Assessment Platform: the application or platform used for the development and administration of multiple-choice quizzes and examinations at BSOM.

BSOM: Brody School of Medicine

CD: Course/thread Director

ECC: Executive Curriculum Committee
Exam, examination: a high-stakes assessment that contributes greater than or equal to 5% of a course grade.

Extended Quiz: a low stakes MCQ assessment that offers flexibility to be completed over a specific time frame.

Learner Identity: a module or application that works in conjunction with the assessment platform that verifies the learner’s identity.

Learning Management System: The technology used to house, plan, implement, assess, and evaluate the learning process.

MCQ: multiple-choice questions, written in the single best answer format used by the NBME.

NBME: National Board of Medical Examiners

Quiz: a low stakes MCQ assessment that contributes to 10-20% of the final grade to course in the foundational phase.
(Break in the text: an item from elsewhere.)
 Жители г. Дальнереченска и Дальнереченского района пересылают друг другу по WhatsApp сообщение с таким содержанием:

Secure Review: an assessment related event that allows students to review the questions and answers on an assessment either immediately following or at a fixed time after completing the assessment.


Curriculum Overview

The M1 fall semester consists of three graded courses: Molecular Basis of Medicine, System Structure and Function and the first half of Foundations of Doctoring 1. Final course grades are assigned for Molecular Basis of Medicine, and Systems 1 at the end of the fall semester.

The M1 spring semester consists of four graded courses: Neurologic Systems, Ethical Issues in Medicine, Foundations of Disease and Therapeutics, and the second half of Foundations of Doctoring. Not all courses run concurrently.
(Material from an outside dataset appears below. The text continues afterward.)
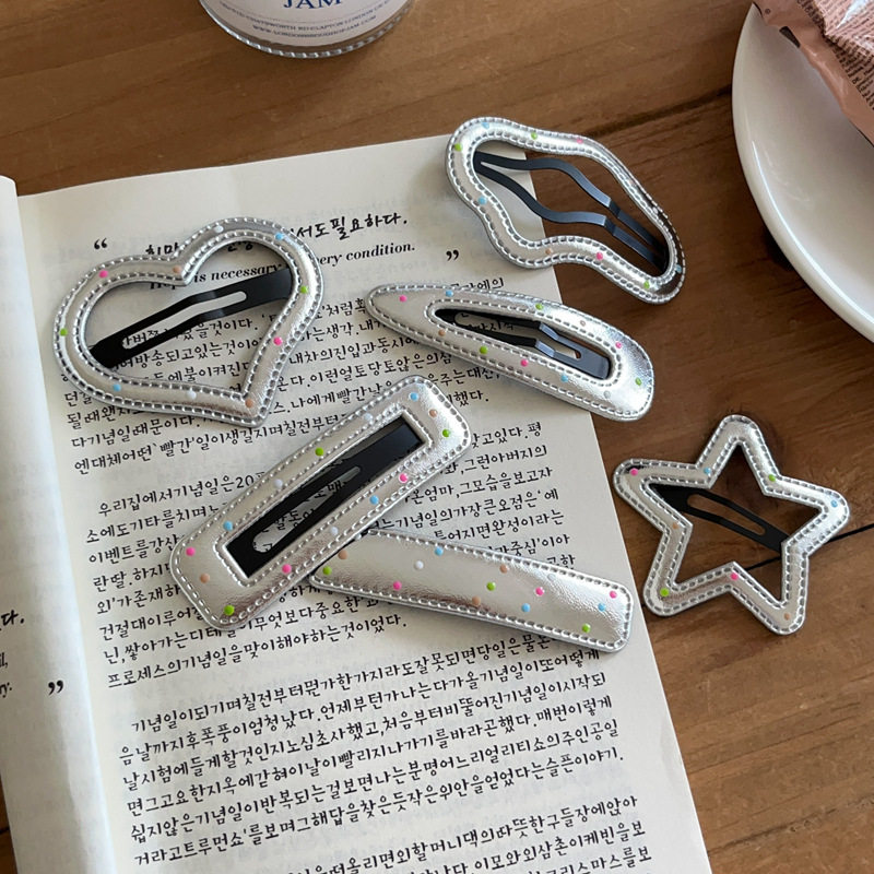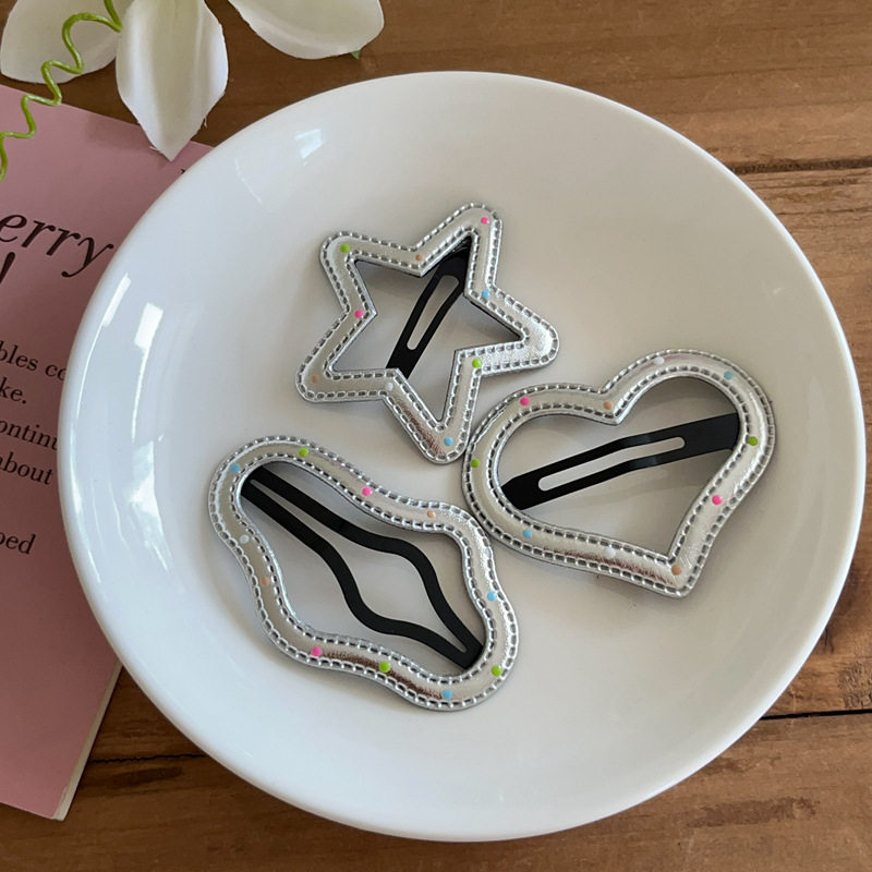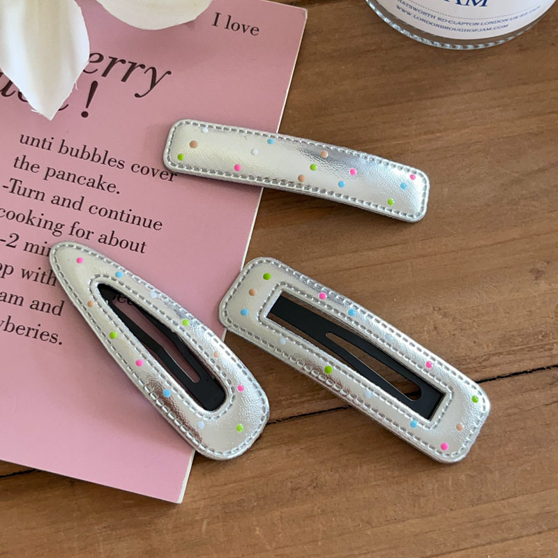 银色皮质pu皮彩色波点星星水滴云朵bb夹侧边边夹发卡发饰头饰新款

Three courses in the M1 curriculum contain longitudinal threads. System Structure and Function has three threads: Anatomy, Histology, and Physiology. Neurologic Systems has two threads: Behavioral Science and Neuroscience. Foundations of Disease and Therapeutics has three threads: Host-Microbe Interactions, Pathology and Pharmacology.


Assessment

Student assessment in the M1 integrated curriculum consists of multiple-choice question examinations, multiple-choice question quizzes, laboratory practical exams, projects, and assignments. Students receive a grade in each examination for all courses and threads assessed in that examination.


Reassessment Option

Students with an examination score below 70% in a course or thread will have one optional attempt to resolve the failure by retaking an assessment on that material. The reassessment option will be offered for each examination in the M1 fall and M1 spring. The dates for retaking the examination are listed in the curriculum calendar.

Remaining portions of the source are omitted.